Roman Chernin, Chief Commercial Officer:
OK. Thanks for this question. First, I'd like to remind everyone that we held our first Inflection event in June, which was probably the first time we publicly detailed our product strategy: we built an AI cloud layer by layer to meet the needs of developers at different levels, extending from large-scale bare metal infrastructure to the intelligent layer. One very clear trend is that AI systems are entering production environments. Programming is the most obvious example, but it's by no means limited to programming. We are seeing the emergence of long-running intelligent workflows in the financial services sector, such as Revolut and MasterCard applications; in the e-commerce sector, Shopify is using related applications to improve customer experience and business processes; in addition, there are many other fields, such as Sword Health in the medical field and Higgsfield in the marketing automation field.
As always, we ourselves are our own “zero customer.” Echo is our own infrastructure agent, launched in a recent cloud product launch. It runs an open source model serviced by Token Factory. We see the challenge our customers face is how to run complex systems made up of multiple models, inference engines, and tools at scale. We help clients solve this problem through a full suite of services, including Token Factory to provide reliable, high-performance inference and post-training; and Avride for information anchoring, particularly as businesses transition from a closed ecosystem with built-in search capabilities to a more open one.

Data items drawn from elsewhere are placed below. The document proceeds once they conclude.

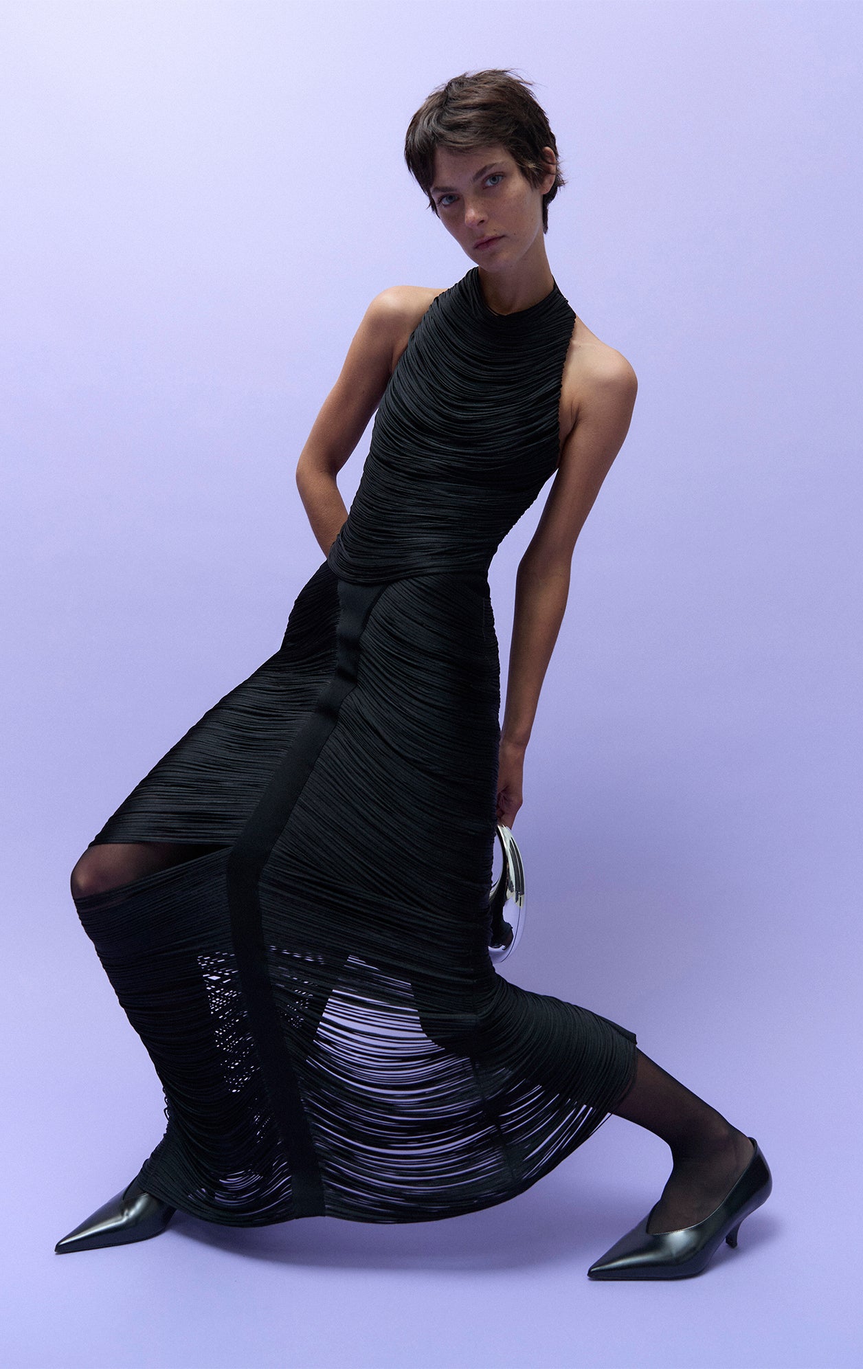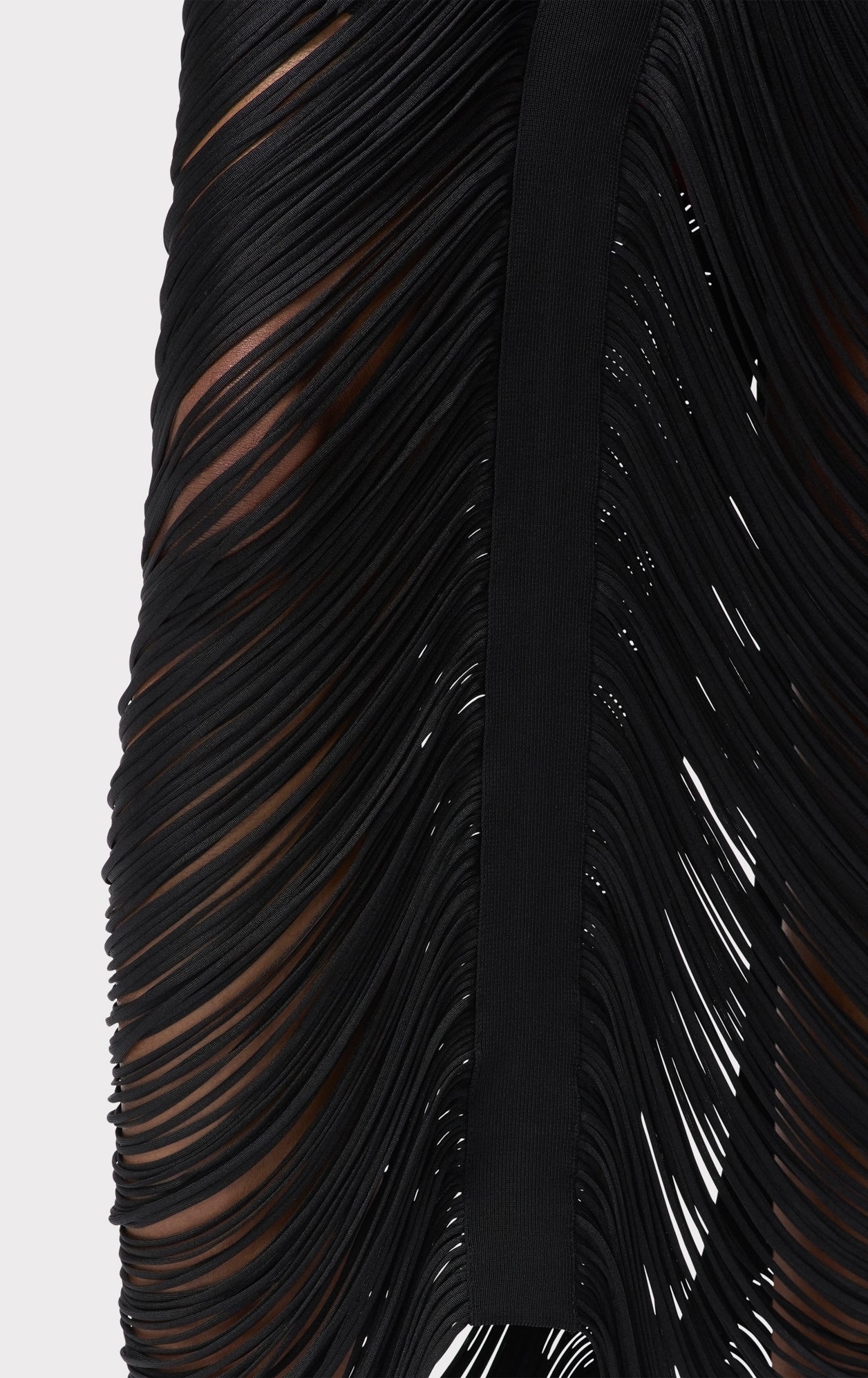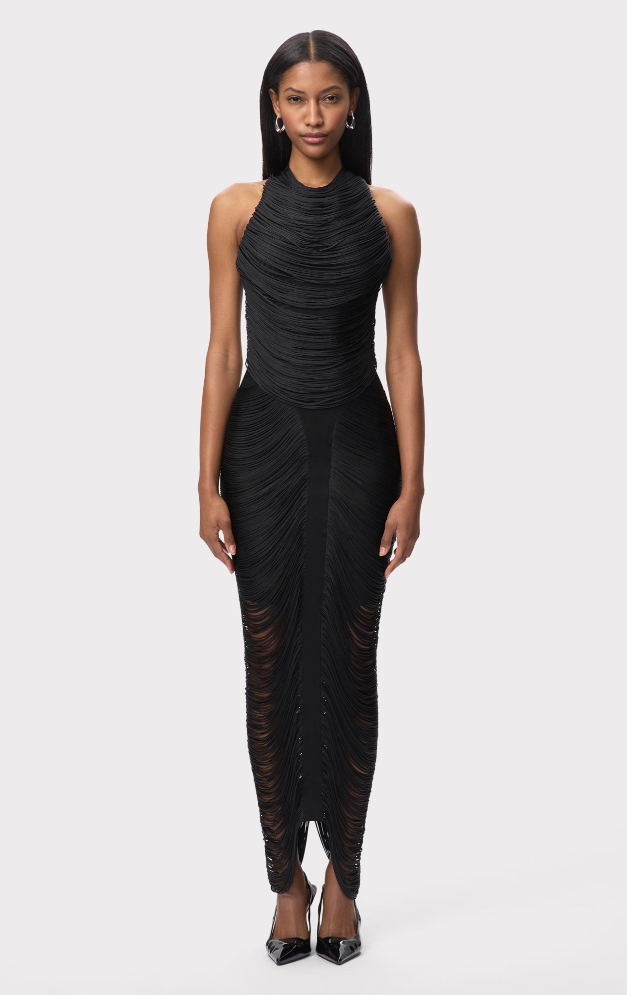 The Faye Gown, as seen in Look 14 of our Resort '26 Lookbook, features a high halter neckline with all-over fringe details. The compact knit mini underlayer is finished with ankle-length draped fringe, a back slit and a center-back zip.
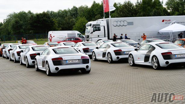Wtorek, godzina 8:30, wjeżdżam przez bramę Toru Poznań na specjalnie przygotowany plac wypełniony nowymi Audi RS4 Avant, RS6 Avant i R8 V10 w wersjach Plus i GT - każdego modelu sztuk kilkanaście. Między samochodami kręci się obsługa imprezy oraz inni zaproszeni goście. Słychać dźwięki migawek i podekscytowane głosy. Nieczęsto widzi się tyle sportowych samochodów obok siebie. Dookoła szerokie uśmiechy - każdy zdaje sobie sprawę z tego, że za kilkadziesiąt minut będzie siedział za kierownicą, i bynajmniej nie samochodu, którym tutaj przyjechał.
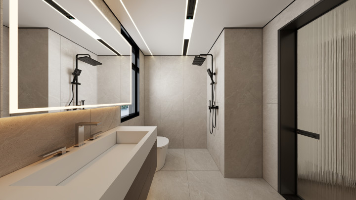 浅灰瓷砖让整个空间泡在柔和里,在这里洗漱、沐浴都成了沉浸式享受~
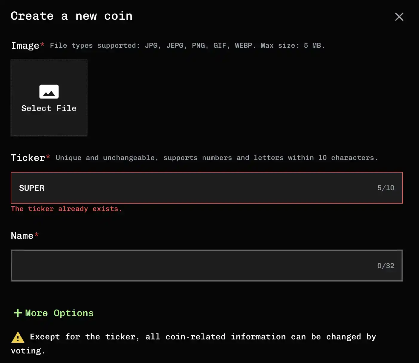 不只是 Super Curve 的创新,Super.exchange 还很敏锐地解决了冲 meme 时另一个让从 p 小将到 p 元帅都头疼的痛点——ticker 的唯一性。
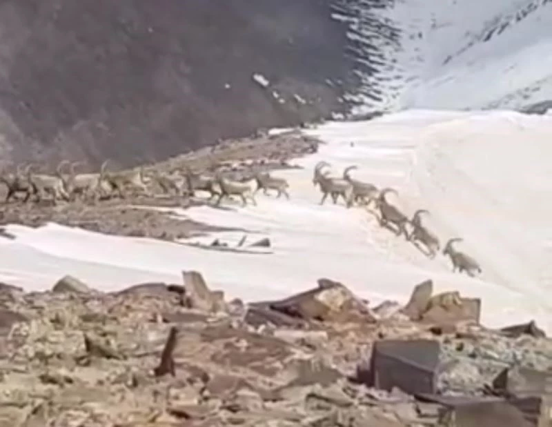 Türk Silahlı Kuvvetleri’nin sürdürdüğü başarılı operasyonların ardından huzurun hakim olduğu bölgede, doğal yaşama ait güzel görüntüler de dikkat çekmeye başladı. Yüksekova’nın İran sınırındaki Esendere bölgesinde elektrik arıza giden ekipler, sürü halinde dolaşan yüzlerce dağ keçisi ile karşı karşıya geldi. Karlı dağlar arasında dolaşan dağ keçilerini arıza ekiplerini fark edince kaçışmaya başlamaları saniye saniye cep telefonuyla kaydedilerek güzel görüntüler ortaya çıktı.
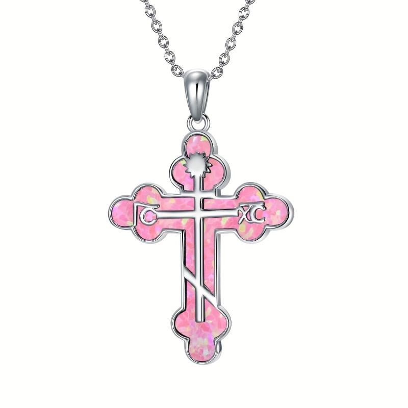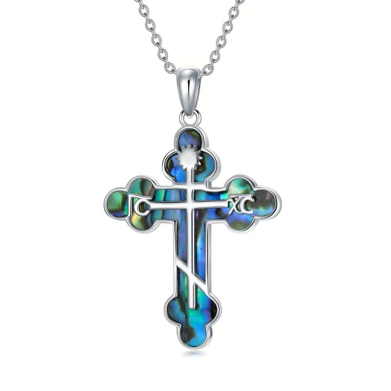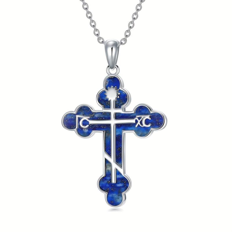 This stunning necklace features an Eastern Orthodox cross pendant made from turquoise obsidian and set in 925 sterling silver. Perfect for both men and women who appreciate religious jewelry.
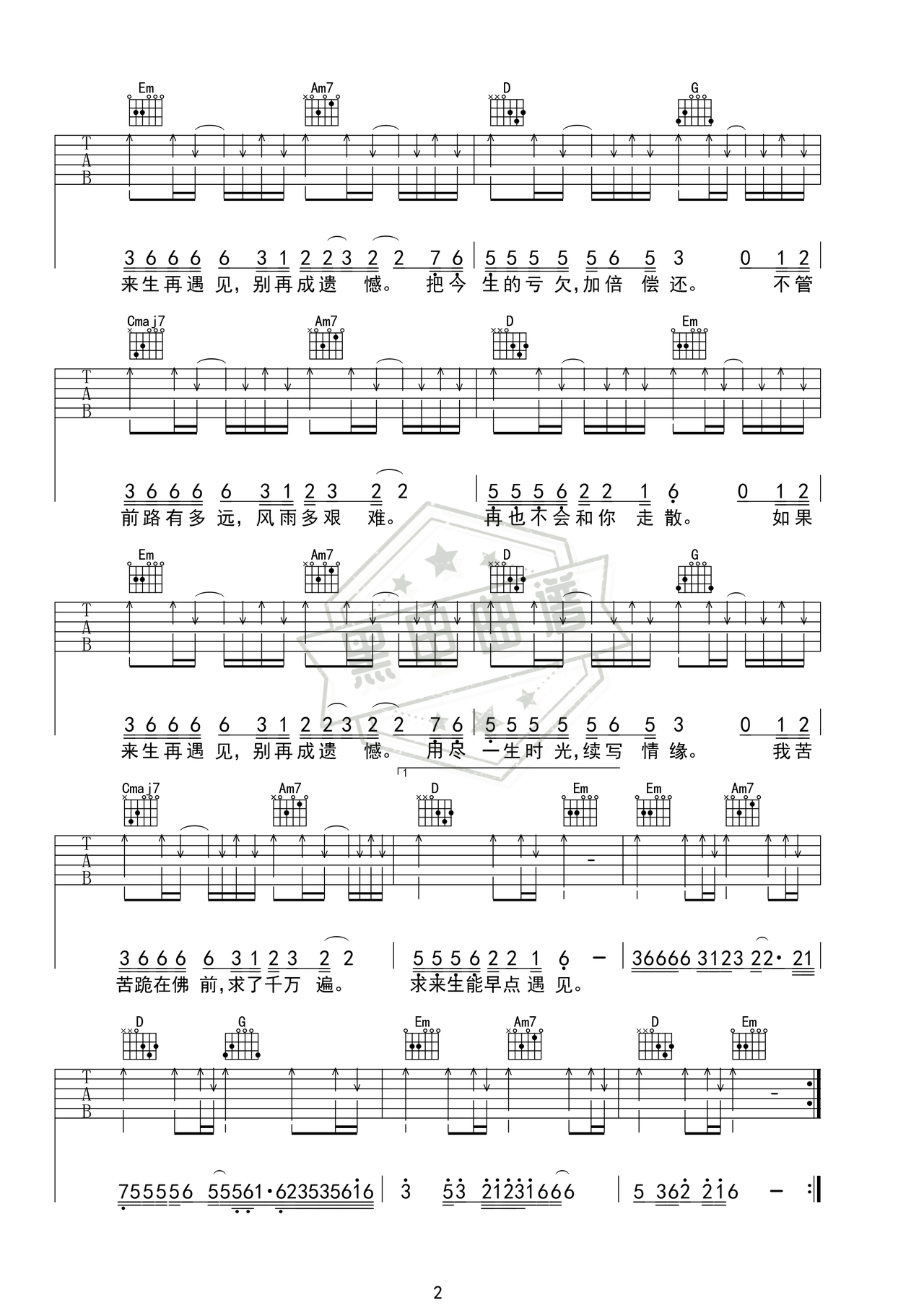 以下是吉他简谱《来生别再成遗憾》f调弹唱谱曲谱的部分内容以及网友对歌曲的评价哦,喜欢的朋友关注我们获得完整的曲谱!
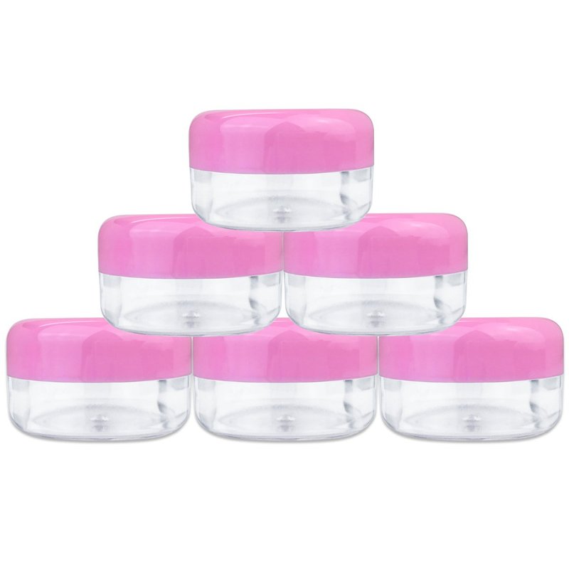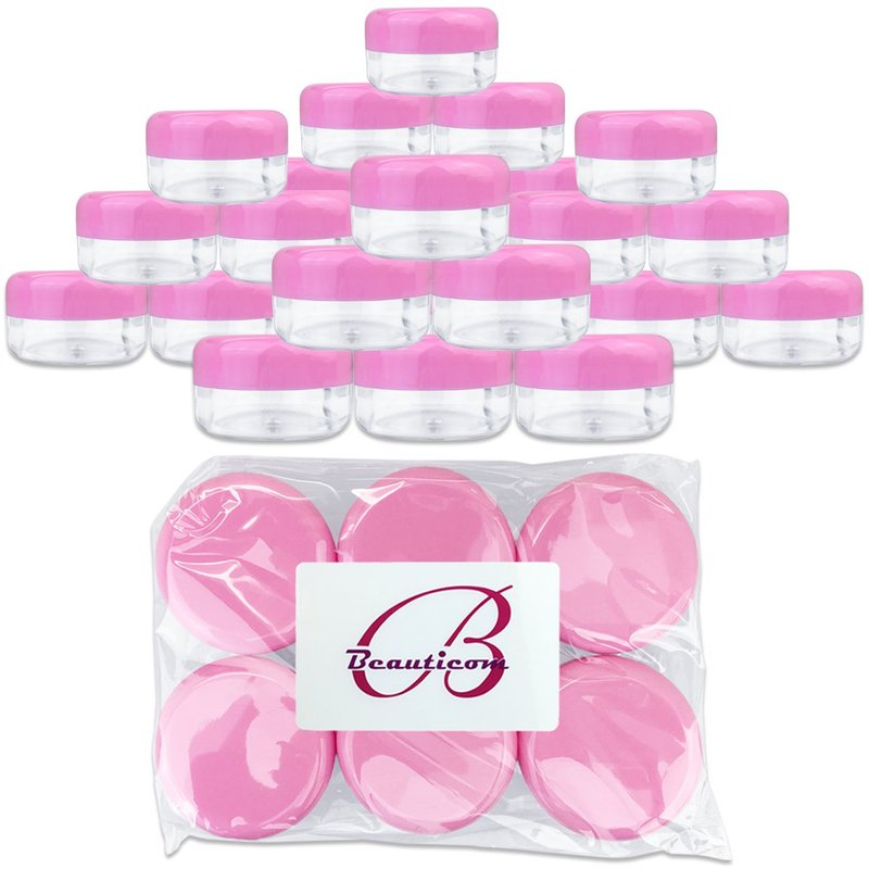 Beauticom 15 gram/15ml Empty Clear Small Round Travel Container Jars with Lids for Make Up Powders, Eyeshadow Pigments, Lotions, Creams, Lip Balm, Lip Gloss, Samples (24 Pieces, Pink Lid)
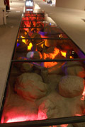 実際に火砕流によってなぎ倒された木々と火山堆積物を床下40メートルにわたって展示し、時速100キロメートルで走るといわれる火砕流の速さを赤い光で体感する「火砕流の道」なの。
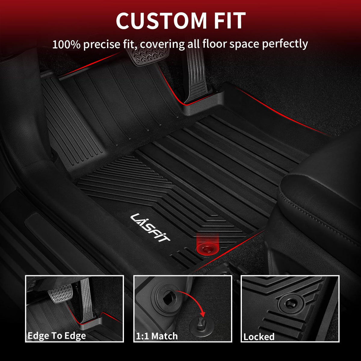 This automotive floor mats is custom fit for Toyota 4Runner 2013-2024, Front Row + 2nd Row TPE floor liners. The Car floor mats are suitable for people who like outdoor activities. Outdoor scenes: climbing, hiking, camping, hunting, fishing, surfing, skiing etc.The only thing you will get is the safe & custom fit 4runner floor mats for limited/sr5/sr5 premium/trail/trd/trd off-road/trd off-road premium/trd pro/trd sport/venture/nightshade. It's good for containing mess from wet or dirty shoes, whatever you step in. Reasons to choose LASFIT Floor Mats: The edge of the floor mat adopts a reinforced design, so that the floor mat fits the contour of the original car carpet more. Remain flexible in extreme weather and is not easily break, deformed, deteriorated or hardened. Easy to install and disassemble, the whole process only takes a few seconds. All seasons and weather full protection. Keep your carpet clean. Easy to Clean and Maintain, Soft and Flex Tough. Safety, Give you the most comfortable feeling.
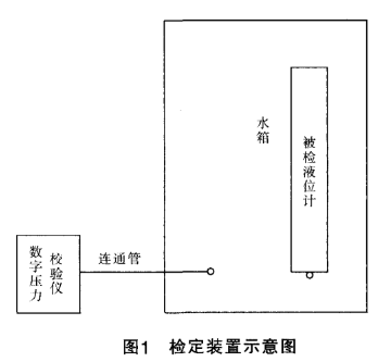 該檢定裝置如圖1所示,包括數(shù)字壓力校驗(yàn)儀、水箱、連通管、水箱、各種液位計(jì)接口和固定裝置。
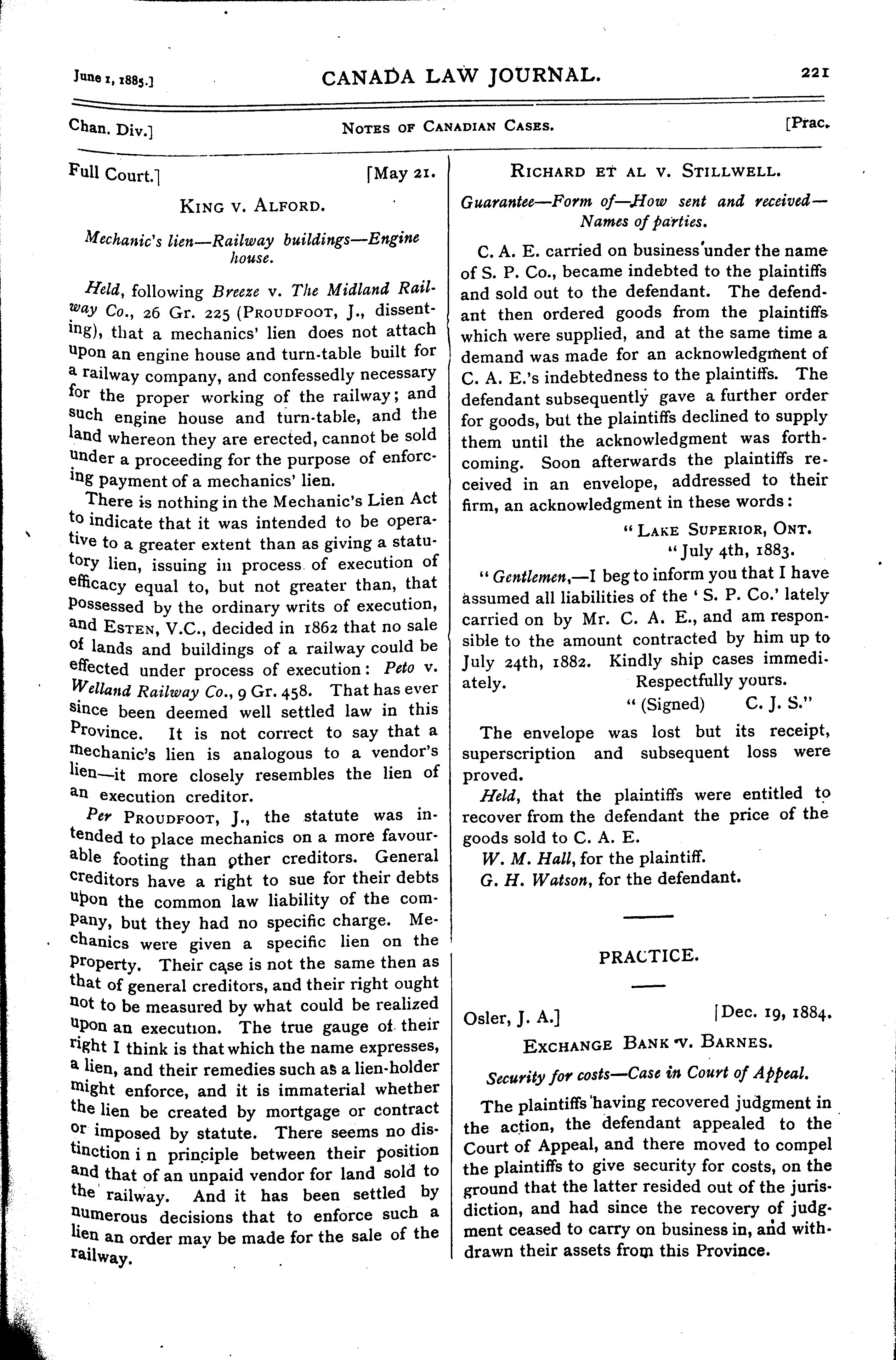 - Canada law journal [Vol. 21, no. 11 (June 1, 1885)]

The Eigen AI and Clarifai team are now fully integrated into the Token Factory project and have begun delivering features according to our product roadmap. We are now able to provide day 0 support for the release of major open models, perform quantifiable performance optimizations after launch, while independent benchmarking — as I mentioned before — continues to rank us as one of the leading inference platforms.
The second quarter was also Tavily's first full quarter after joining Nebius. Its developer community has grown from 1 million developers in February to over 2.5 million developers. Additionally, it has launched a keyless paper search specifically designed for use by autonomous agents, and has obtained a range of certifications for enterprise deployment.
We're also seeing more and more customers reinforce their models, which creates additional reasoning and information anchoring requirements throughout the development cycle, not just during production. Reinforcement learning rollouts, evaluation, synthetic data generation, and information anchoring and training workflows require significant inference capacity and reliable access to external information. These trends validate our strategy to build a vertically integrated platform—one that provides an attractive total cost of ownership while supporting diverse workloads.
We want to cover the customer's complete AI lifecycle, from training and post-training to inference and information anchoring. This is where our infrastructure and software combine to form powerful product capabilities, and we're just getting started.
New workloads are also putting new demands on physical infrastructure. Also, since we're building full stack capabilities, we're able to handle these changes. In addition to deploying the next-generation GPUs mentioned by Andrey, tasks such as agent orchestration, tool calls, and data preparation all rely heavily on the CPU. As a result, we are increasing both ARM and CPU deployments outside of the GPU cluster.
Gili Naftalovich:
Thank you. This concludes today's results conference call.
Operator:
That concludes today's conference call. Thank you all for participating. You can now disconnect.